What is the market price?

The large amount of capital flowing into AI venture funds reflects the market consensus that AI will be the dominant technology platform of the next decade. It is difficult to exaggerate the numbers. OpenAI has raised $120 billion in 2026. Anthropic has raised more than $50 billion. xAI closes $20 billion. Waymo secured $16 billion. These are not enterprise-wide figures; they are infrastructure-scale capital deployments that would have been unthinkable outside of telecommunications or energy a decade ago.

For limited partners, investors investing in venture capital funds the logic is correct: AI winners’ returns will be so large that even paying premium valuations will create exceptional multiplication. Accel’s Anthropic position, where a single investment can multiply in value within months, is the result of LPs willing to commit $5 billion to a firm’s next fund.

The risk is equally visible. Venture capital is a cyclical business and has the peak characteristics of the current fundraising boom: record fund sizes, compressed deployment schedules, and concentration of capital in a single sector. The last time venture capital raised it aggressively, during the 2021 ZIRP period, many of these investments fell significantly within two years. The commercial appeal of AI is much stronger than the cryptocurrency and fintech bets that defined the previous era, but the valuations paid today leave little margin for error.
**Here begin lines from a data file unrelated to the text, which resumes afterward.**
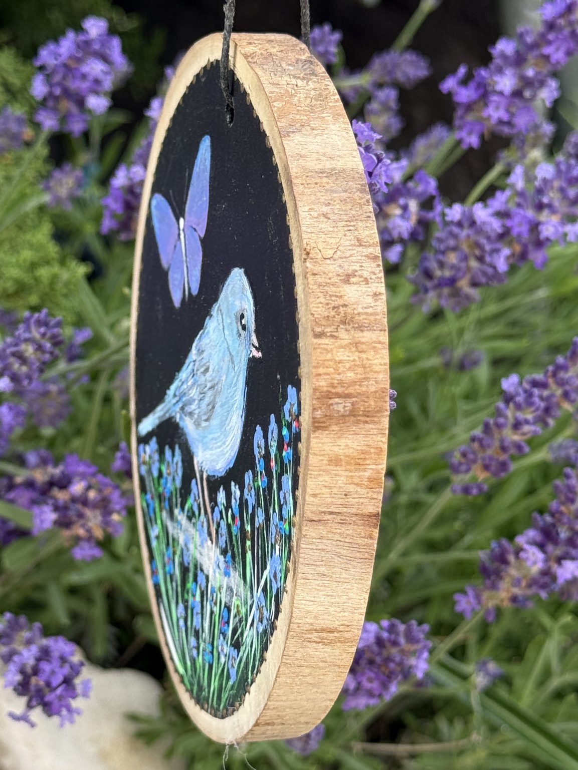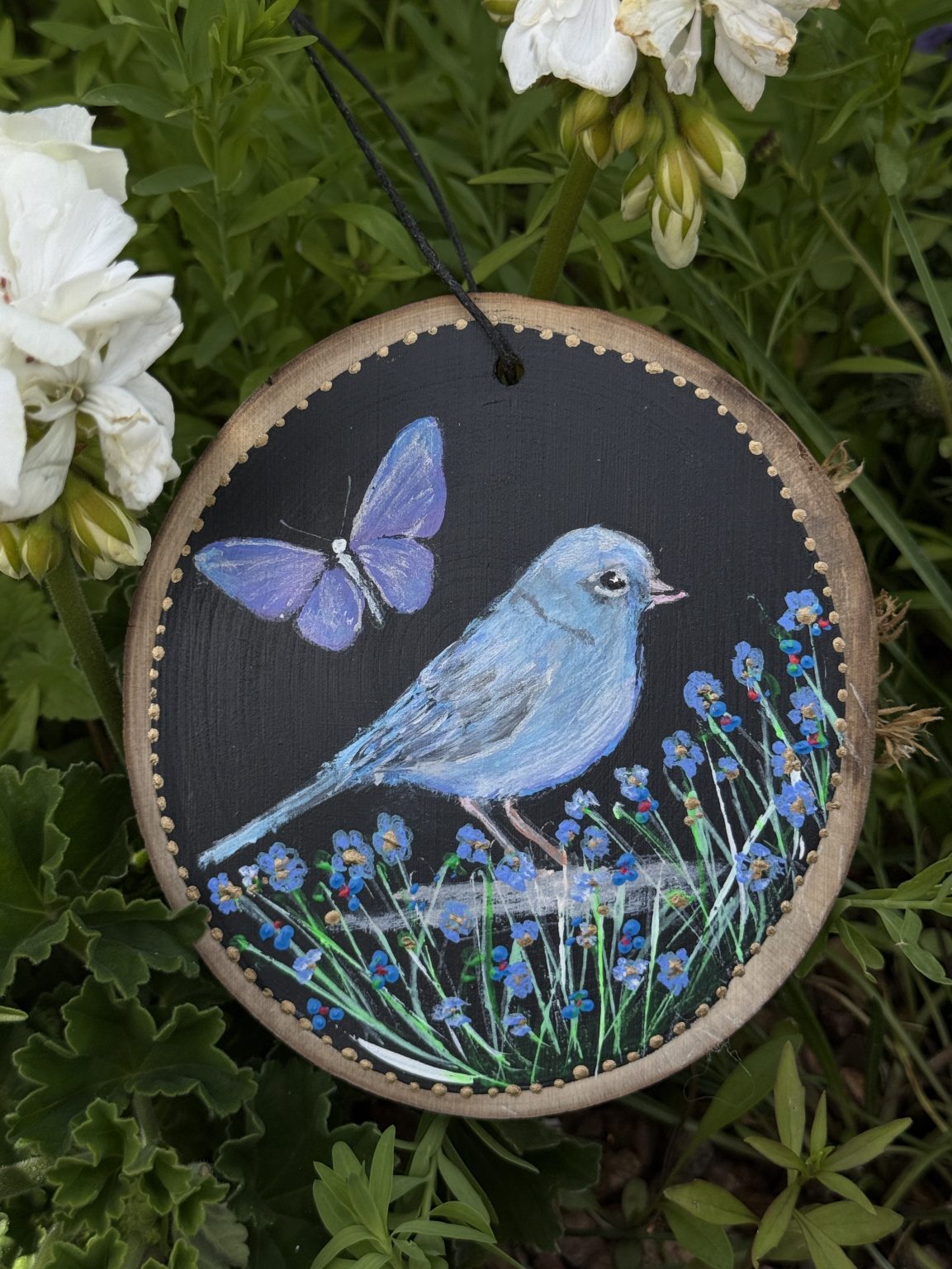 This original meticulously painted wood slice showcases a Western Blue Bird, often seen outside of my Santa Fe home. She is accompanied by a bed of Spring flowers and a free flying purple/blue butterfly depicted in a contemporary modern art style. Ideal for home decor, door knob or window display, holiday ornament, or meaningful handmade one-of-a-kind gift.
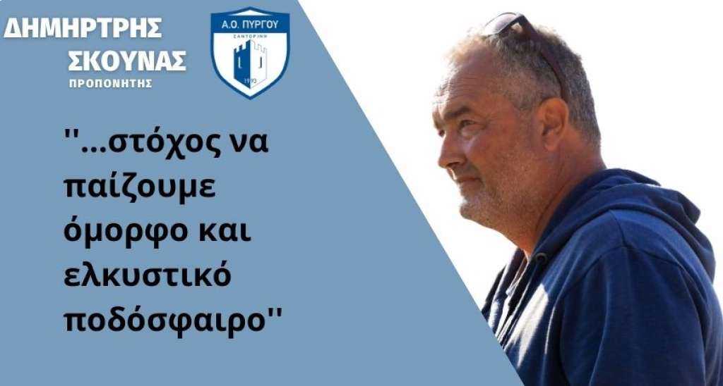 Έναν έμπειρο και με βαρύ βιογραφικό προπονητή βάζει στην άκρη του πάγκου της η ομάδα της Σαντορίνης. Η διοίκηση του Α.Ο. Πύργου τα βρήκε σε όλα με τον Δημήτρη Σκούνα και ο έμπειρος τεχνικός θα αναλάβει την… επανεκκίνηση της ομάδας της Σαντορίνης στο πρωτάθλημα της Α’ κατηγορίας.
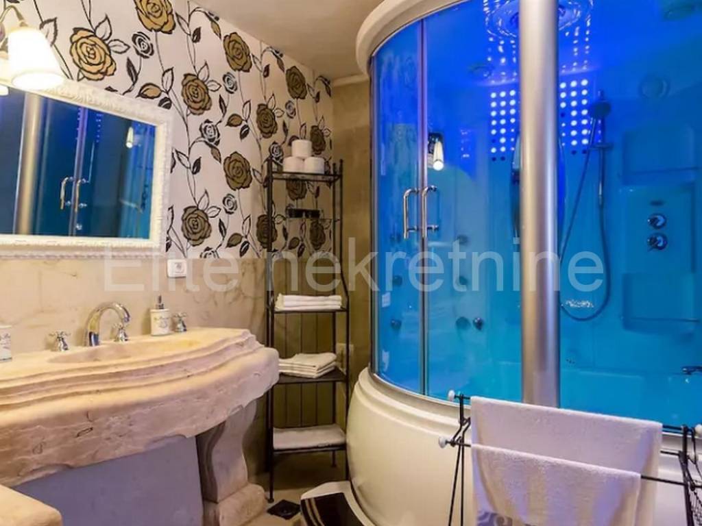 Naglasak je stavljen na originalnost prostora naime od kamena i drva proizveli su samo kuhinju, ormare, umiovaonike, stolove, klupe, podove, kreveta i drugo.
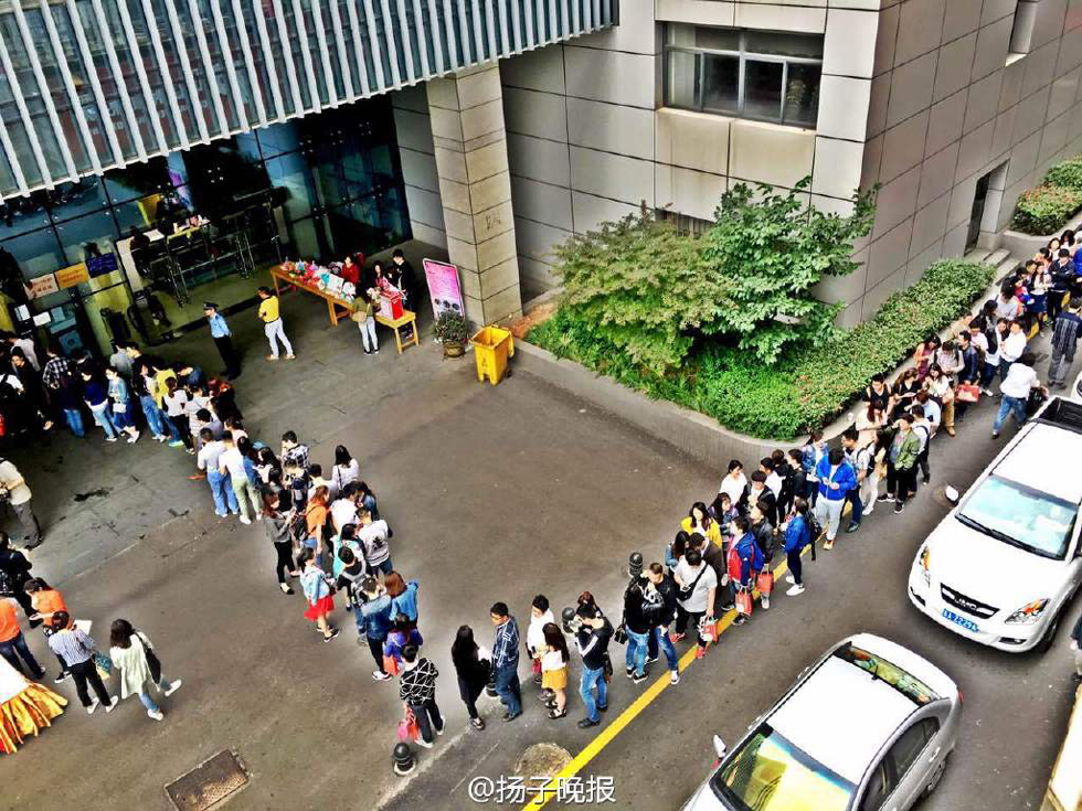 5月20日,成雙成對的情侶在南京鼓樓民政局外排起長隊等待領證。民政局8點半開始登記,6個窗口全開。據了解。最早來排隊的6點就到了,在蘇州姑蘇區(qū),排隊的新人們也不少。(揚子晚報 裴睿 周曉青 )

A question of concentration

The Accel fund also highlights the structural change in venture capital. The industry is fragmented into a small number of megafirms that can write checks for $100 million or more, and a long tail of smaller funds competing for earlier-stage deals. The middle ground is being crowded out by traditional B and C series investors, mega-funds moving downward, and AI companies skipping traditional funding rounds altogether and going from seed round to billion-dollar valuation in 18 months.

For a firm like Accel, which has offices in Palo Alto, San Francisco, London and India, the $5 billion increase is a bet that it can maintain its top position as fund size grows and competition for the best deals intensifies. Its portfolio of 1,199 companies, 107 unicorns and 46 IPOs provides a record. But in a market where Anthropic can single-handedly generate returns that justify an entire fund, the temptation to concentrate bets on a handful of AI winners is strong, and the consequences of getting those bets wrong are correspondingly severe.

The broader picture is that AI venture capital has entered a phase where the funds themselves have become as large as the companies they once backed. Accel’s $5 billion revenue would have made it one of Europe’s most valuable startups a few years ago. Now it’s a desk share for a firm that wants it participates in a meaningful way in the rounds that matter. Whether it’s rational capital allocation or the top of an era that will eventually correct, every LP writing a check today, implicitly or explicitly, gives a positive answer.